This meant great guards needed to be great rebounders. Great centers needed to be great passers. “At the time,” he says, “that was very unique. Nobody else was doing that at that time.”
Contrast that to the United States, where, historically, if you’re tall, you get your ass down to the post. That’s starting to change now, as the game has opened up, but in the Balkans, they’ve been developing talent that way for decades.
Even in other parts of Europe, this is rare. “In France, we don’t have that technical side they have here,” says Nico Mathieu, a Parisian scout who works for the Trail Blazers. “In France, mostly, if you’re tall, you will be close to the rim. … But I feel like these guys, they have all the same fundamentals, no matter what the size or position.”

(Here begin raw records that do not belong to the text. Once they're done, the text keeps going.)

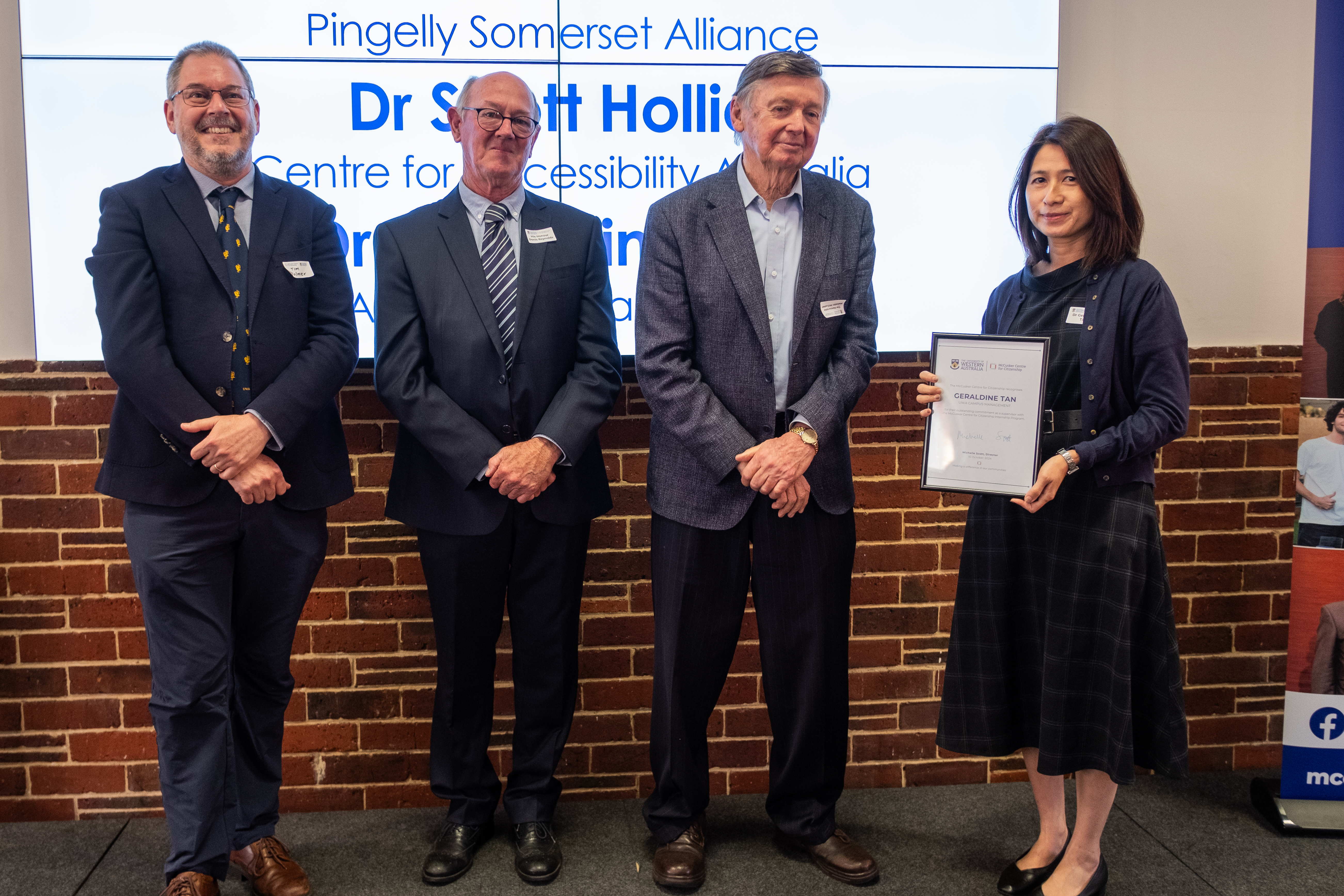 Geraldine Tan, Sustainability Manager (Environments and Governance) with UWA Campus Management, has been recognised for her outstanding contribution to the McCusker Centre for Citizenship’s internship program.
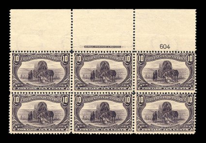 1507 ogPB 290 image#290, 10c Trans-Mississippi, full top margin imprint and plate no. 604 block of six, lovely rich color, o.g., faint trace of hinging, some sensible perf reinforcing, fine; particularly scarce as a full top. (Image) $3,250.00
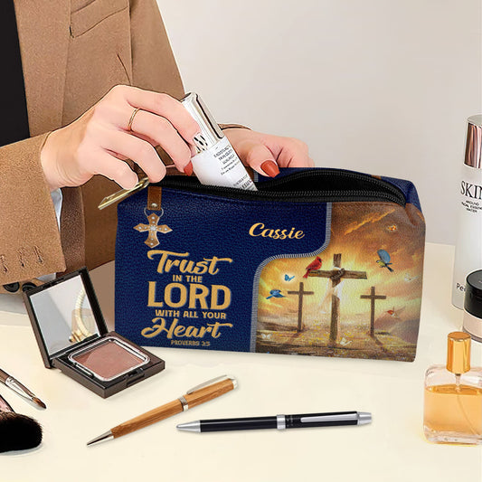 Trust In The Lord With All Your Heart Proverbs 35 Personalized Leather Pouch - Inspirational Gift For Her
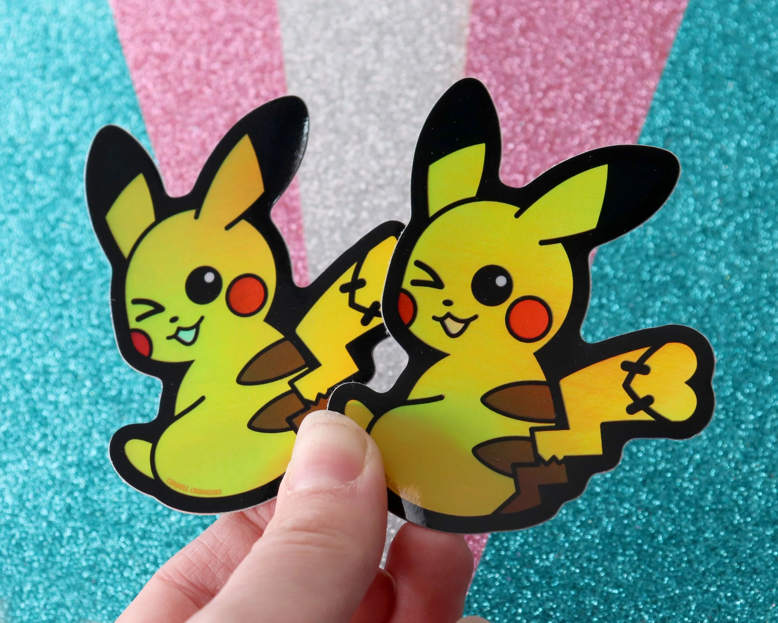 Stickers & PrintsALL NON-US BUYERS NEED TO BUY PINS, STICKERS, AND PRINTS THROUGH ETSY! Trans Pikachu Holographic Sticker $6.00 "Break From Captivity" - Unicorn Glitter Sticker $6.00 "Break From Captivity" - Unicorn Gold Foil Print $25.00
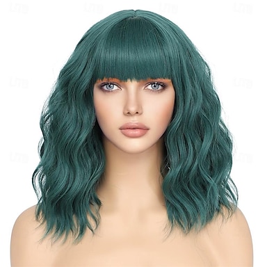 bob perruque avec frange courte ondulée bleu perruque femmes synthétique couleur baccalauréat perruques longueur d'épaule fête Halloween Noël amusant cosplay perruques
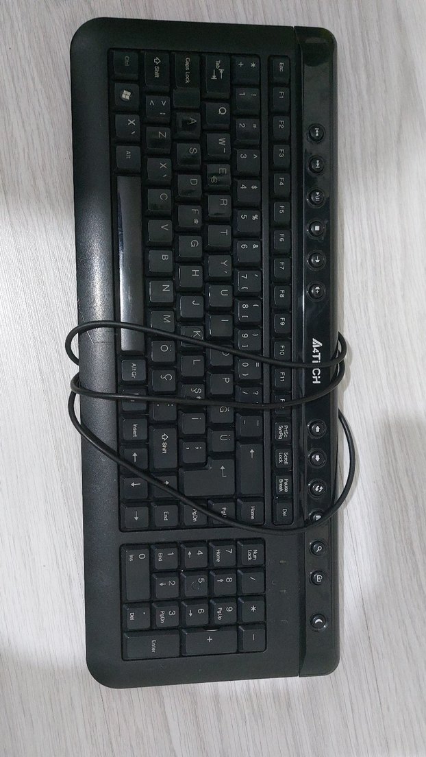 Sayısal tuş takımı ve ek fonksiyon tuşları bulunan siyah kablolu A4Tech klavye. Standart QWERTY düzeninde ve multimedya tuşlarına sahip.⌨️ Ara sıra temassızlık yapmaktadır, 10 parmak alıştırması -montesori eğitimi- yedek harf için kullanılabilir.
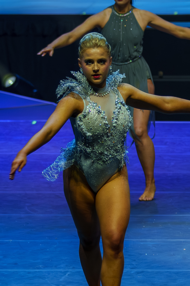 This costume is a pale blue leotard with sheer mesh panels, crystal embellishments, and textured shoulder detailing.
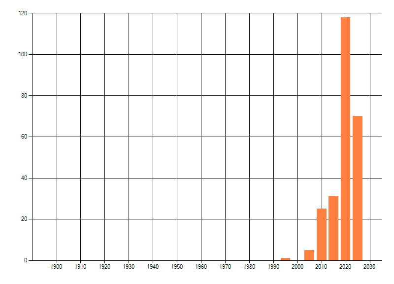 Het aantal atlasblokken (5x5 km) waarin de soort is gemeld binnen een periode van vijf jaar (vanaf 1980) of twintig jaar. Niet gecorrigeerd voor waarnemersinspanning en het aantal doorgegeven waarnemingen kan sterk variëren per periode, dus een trend in verspreiding kan hier niet direct uit worden afgelezen. Het opgegeven jaartal is het eerste jaar van de periode. Bron: gevalideerde waarnemingen uit de NDFF.
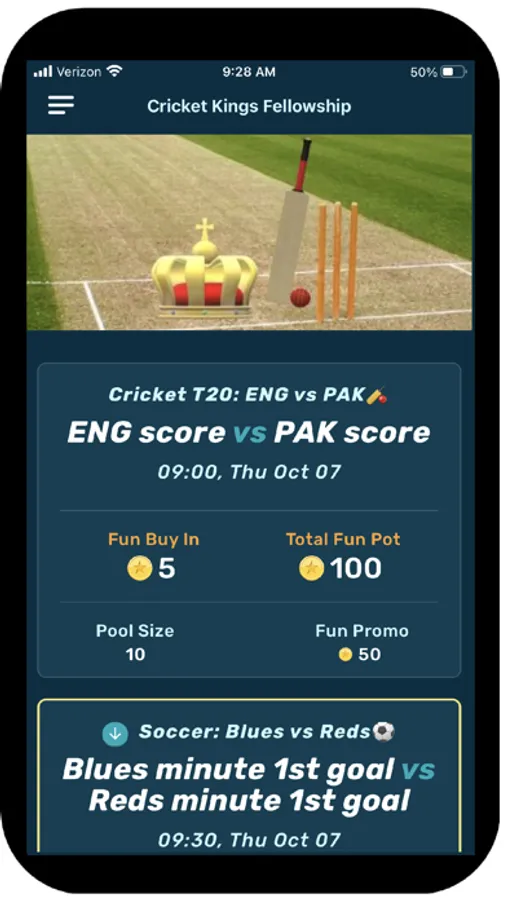 FunWager does not facilitate any monetary transactions, nor any sports feeds like events, odds, scores, results and markets... but it is fun!
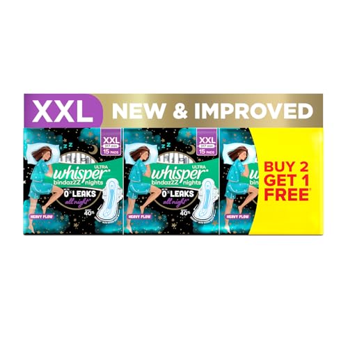 HomeHealth & PersonalPersonal CareWomen WellnessWhisper Bindazzz Nights 15x3 XXL Sanitary Pads, Upto 0% Leaks All Night Long, For Heavy Flow, Nearly 40% Longer with Wider Back, Active odor lock so you feel fresh, Disposable Wrapper
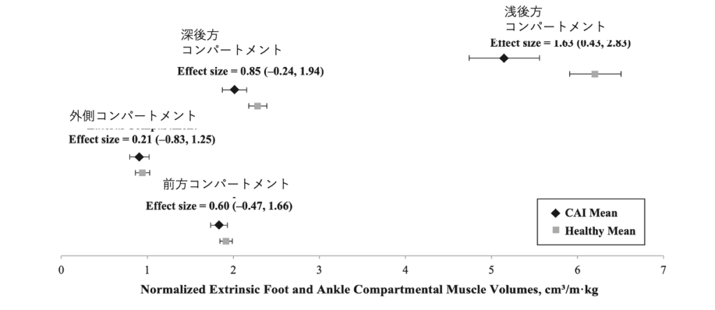 この研究では、CAIを有する若年成人と健常者の内在筋・外在筋の筋肉量と4方向の足関節筋力を比較しています。
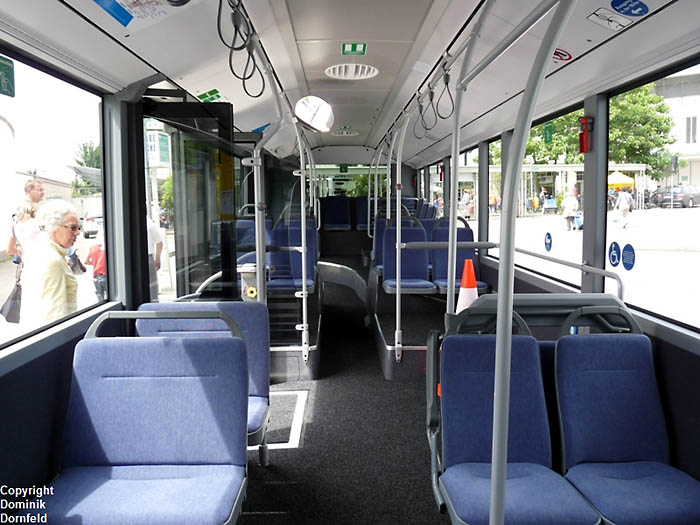 Das linke Foto von Oliver Wiggenhauser zeigt den Wagen FN-SV 2030 am 26.06.2009 am Hafenbahnhof. Auf den beiden Bildern von Dominik Dornfeld sind die Neuwagen auf dem Betriebshof sowie der Innenraum eines der Fahrzeuge zu sehen.
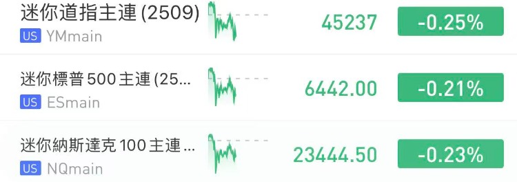 华盛资讯8月26日消息,美股三大指数期货盘前微跌,纳指期货 $NQmain 跌0.23%,标普500期货 $ESmain 跌0.21%,道指期货 $YMmain 跌0.25%。
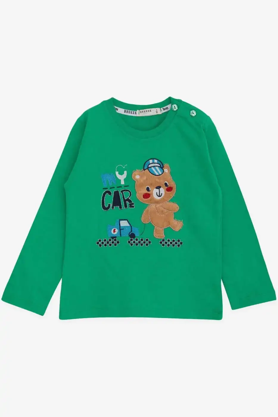 Футболка для мальчика с принтом медвежонка - Хлопок и длинные рукава

I asked a couple of people why this is. What is it about the culture, or just the general coaching philosophy, that led to 7-footers learning point guard skills all the way back in the ’70s. I couldn’t get a definitive answer. A couple of people pointed to Yugoslavia’s communist past—this egalitarianism of every player learning every skill, all of it in this highly structured, disciplined kind of way. Zubac just said he learned the game that way because he grew up in a tiny town, and everyone had to play every position because there weren’t that many players.
“Everybody handles the ball, dribbles it, passes it, shoots it. That’s why you have guys like Jokic at 7-foot-1 doing what they do, because they were all brought up to play the game not by position, but [by] the key fundamentals.” —Fran Fraschilla
Among Americans, you won’t find many people who are greater connoisseurs of Balkan basketball than Fran Fraschilla, the ESPN draft analyst and longtime college coach. “Everybody does the same drills,” Fraschilla says. “Everybody handles the ball, dribbles it, passes it, shoots it. That’s why you have guys like Jokic at 7-foot-1 doing what they do, because they were all brought up to play the game not by position, but [by] the key fundamentals.”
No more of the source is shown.